Copy, word for word, the lines of the entries below between the one with "Перетащите окно фигуры" and the one with "On May 15, 2024, the", inclusive, and leave out everything else.

## [Data in this exercise]
--

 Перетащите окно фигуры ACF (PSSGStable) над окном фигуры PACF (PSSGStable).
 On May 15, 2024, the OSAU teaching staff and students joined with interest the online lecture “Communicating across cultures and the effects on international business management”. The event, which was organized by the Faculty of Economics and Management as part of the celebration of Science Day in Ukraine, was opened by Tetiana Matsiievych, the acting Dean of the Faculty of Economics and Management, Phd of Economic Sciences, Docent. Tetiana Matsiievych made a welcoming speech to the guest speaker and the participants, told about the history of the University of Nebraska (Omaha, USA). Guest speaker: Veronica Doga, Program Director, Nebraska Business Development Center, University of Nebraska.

--

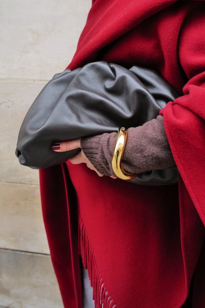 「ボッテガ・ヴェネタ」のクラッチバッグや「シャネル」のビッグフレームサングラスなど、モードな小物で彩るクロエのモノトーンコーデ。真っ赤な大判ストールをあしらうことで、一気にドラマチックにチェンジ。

--

## [Result for this exercise]
 Перетащите окно фигуры ACF (PSSGStable) над окном фигуры PACF (PSSGStable).
 On May 15, 2024, the OSAU teaching staff and students joined with interest the online lecture “Communicating across cultures and the effects on international business management”. The event, which was organized by the Faculty of Economics and Management as part of the celebration of Science Day in Ukraine, was opened by Tetiana Matsiievych, the acting Dean of the Faculty of Economics and Management, Phd of Economic Sciences, Docent. Tetiana Matsiievych made a welcoming speech to the guest speaker and the participants, told about the history of the University of Nebraska (Omaha, USA). Guest speaker: Veronica Doga, Program Director, Nebraska Business Development Center, University of Nebraska.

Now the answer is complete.